> [WORK TASK] All lines from the one with "- The model" to the end of the listing below are to be transcribed exactly; both end lines are included, and no other lines are.

> [SUPPLIED DATA]
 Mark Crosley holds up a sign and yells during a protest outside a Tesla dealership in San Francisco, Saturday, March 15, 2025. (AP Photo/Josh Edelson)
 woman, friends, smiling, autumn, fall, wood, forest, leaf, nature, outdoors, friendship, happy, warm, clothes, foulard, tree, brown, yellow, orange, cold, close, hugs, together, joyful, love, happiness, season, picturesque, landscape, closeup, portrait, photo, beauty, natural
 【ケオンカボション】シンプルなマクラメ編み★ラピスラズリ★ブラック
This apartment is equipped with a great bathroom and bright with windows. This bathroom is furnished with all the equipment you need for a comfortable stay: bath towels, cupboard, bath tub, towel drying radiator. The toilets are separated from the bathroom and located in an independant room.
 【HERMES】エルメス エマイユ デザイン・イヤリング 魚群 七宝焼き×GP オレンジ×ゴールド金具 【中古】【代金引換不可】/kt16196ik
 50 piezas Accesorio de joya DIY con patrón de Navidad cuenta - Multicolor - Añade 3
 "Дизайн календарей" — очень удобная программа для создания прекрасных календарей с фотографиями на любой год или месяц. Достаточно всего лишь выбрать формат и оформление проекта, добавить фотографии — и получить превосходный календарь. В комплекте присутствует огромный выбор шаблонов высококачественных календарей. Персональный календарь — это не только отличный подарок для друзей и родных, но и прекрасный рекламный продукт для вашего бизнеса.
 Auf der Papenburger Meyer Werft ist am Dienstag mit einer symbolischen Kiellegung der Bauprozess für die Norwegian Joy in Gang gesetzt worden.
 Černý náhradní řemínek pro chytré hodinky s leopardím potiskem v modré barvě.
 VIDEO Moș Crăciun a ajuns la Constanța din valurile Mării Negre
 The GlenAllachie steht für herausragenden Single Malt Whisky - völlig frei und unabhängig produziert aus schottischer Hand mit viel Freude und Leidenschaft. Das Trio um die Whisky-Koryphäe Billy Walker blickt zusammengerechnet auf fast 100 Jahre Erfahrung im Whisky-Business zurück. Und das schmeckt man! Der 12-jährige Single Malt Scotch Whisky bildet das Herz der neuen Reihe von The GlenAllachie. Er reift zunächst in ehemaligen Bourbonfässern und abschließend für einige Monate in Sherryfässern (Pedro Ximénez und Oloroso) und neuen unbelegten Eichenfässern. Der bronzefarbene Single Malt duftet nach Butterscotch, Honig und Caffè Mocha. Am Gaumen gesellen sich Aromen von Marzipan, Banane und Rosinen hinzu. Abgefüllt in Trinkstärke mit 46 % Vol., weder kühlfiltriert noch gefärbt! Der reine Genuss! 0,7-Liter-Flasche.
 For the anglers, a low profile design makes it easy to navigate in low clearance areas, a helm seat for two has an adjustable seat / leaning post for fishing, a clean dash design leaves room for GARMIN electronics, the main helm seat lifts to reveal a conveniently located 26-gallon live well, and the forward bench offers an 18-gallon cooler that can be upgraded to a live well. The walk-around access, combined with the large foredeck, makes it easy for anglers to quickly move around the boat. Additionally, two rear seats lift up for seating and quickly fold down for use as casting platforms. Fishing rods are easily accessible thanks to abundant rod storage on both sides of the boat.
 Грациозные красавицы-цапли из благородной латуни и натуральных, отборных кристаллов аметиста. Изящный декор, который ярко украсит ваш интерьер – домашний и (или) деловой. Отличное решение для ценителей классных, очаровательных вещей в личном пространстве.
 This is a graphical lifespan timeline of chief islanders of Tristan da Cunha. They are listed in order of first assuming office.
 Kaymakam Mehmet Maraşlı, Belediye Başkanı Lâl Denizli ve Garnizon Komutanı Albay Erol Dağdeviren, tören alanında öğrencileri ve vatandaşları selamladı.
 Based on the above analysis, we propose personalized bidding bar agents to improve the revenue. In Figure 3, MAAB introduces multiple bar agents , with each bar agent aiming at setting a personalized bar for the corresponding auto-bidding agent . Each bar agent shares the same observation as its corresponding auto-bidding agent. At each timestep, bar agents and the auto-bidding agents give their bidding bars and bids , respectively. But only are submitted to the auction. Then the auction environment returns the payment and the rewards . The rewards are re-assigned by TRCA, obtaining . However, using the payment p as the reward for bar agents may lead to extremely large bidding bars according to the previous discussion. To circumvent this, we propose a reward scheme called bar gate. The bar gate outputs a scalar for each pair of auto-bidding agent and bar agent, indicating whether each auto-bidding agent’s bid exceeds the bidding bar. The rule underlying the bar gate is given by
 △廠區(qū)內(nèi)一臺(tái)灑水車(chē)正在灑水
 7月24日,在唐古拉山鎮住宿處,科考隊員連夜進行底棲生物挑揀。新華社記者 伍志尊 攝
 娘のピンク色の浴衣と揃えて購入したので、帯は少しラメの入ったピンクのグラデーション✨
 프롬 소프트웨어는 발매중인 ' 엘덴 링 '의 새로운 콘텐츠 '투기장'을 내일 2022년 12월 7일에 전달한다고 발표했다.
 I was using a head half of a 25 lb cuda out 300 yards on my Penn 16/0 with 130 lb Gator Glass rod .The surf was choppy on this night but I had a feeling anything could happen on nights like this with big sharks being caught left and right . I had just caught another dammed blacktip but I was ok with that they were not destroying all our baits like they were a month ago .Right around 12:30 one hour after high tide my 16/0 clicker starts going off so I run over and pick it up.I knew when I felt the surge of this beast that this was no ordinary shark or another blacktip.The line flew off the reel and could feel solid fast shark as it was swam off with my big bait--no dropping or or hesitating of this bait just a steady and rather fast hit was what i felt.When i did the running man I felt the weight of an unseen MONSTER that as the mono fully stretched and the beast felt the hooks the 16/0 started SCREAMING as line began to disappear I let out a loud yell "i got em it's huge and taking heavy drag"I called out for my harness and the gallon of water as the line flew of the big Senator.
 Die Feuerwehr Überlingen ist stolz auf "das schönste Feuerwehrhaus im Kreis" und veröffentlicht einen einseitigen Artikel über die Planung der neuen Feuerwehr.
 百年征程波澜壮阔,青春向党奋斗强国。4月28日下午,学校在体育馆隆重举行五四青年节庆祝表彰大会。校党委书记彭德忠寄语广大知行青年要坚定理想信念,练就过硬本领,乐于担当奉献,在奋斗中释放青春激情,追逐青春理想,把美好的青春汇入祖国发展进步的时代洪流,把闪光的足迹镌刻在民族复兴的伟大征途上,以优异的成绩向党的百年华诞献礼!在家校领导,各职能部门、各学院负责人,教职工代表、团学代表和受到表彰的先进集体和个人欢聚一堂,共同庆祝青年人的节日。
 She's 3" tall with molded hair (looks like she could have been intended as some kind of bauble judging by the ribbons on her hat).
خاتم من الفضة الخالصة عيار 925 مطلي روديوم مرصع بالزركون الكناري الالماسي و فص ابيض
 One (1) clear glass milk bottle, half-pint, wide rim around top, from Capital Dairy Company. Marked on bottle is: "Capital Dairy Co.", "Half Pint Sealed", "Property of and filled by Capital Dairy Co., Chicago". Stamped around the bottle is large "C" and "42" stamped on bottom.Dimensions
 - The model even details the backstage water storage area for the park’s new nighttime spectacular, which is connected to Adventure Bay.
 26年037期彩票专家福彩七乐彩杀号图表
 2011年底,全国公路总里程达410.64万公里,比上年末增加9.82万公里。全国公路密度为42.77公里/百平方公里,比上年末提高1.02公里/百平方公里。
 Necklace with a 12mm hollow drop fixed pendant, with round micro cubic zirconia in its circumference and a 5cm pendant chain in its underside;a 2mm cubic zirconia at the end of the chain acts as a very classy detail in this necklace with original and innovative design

> [ANSWER SECTION]
 - The model even details the backstage water storage area for the park’s new nighttime spectacular, which is connected to Adventure Bay.
 26年037期彩票专家福彩七乐彩杀号图表
 2011年底,全国公路总里程达410.64万公里,比上年末增加9.82万公里。全国公路密度为42.77公里/百平方公里,比上年末提高1.02公里/百平方公里。
 Necklace with a 12mm hollow drop fixed pendant, with round micro cubic zirconia in its circumference and a 5cm pendant chain in its underside;a 2mm cubic zirconia at the end of the chain acts as a very classy detail in this necklace with original and innovative design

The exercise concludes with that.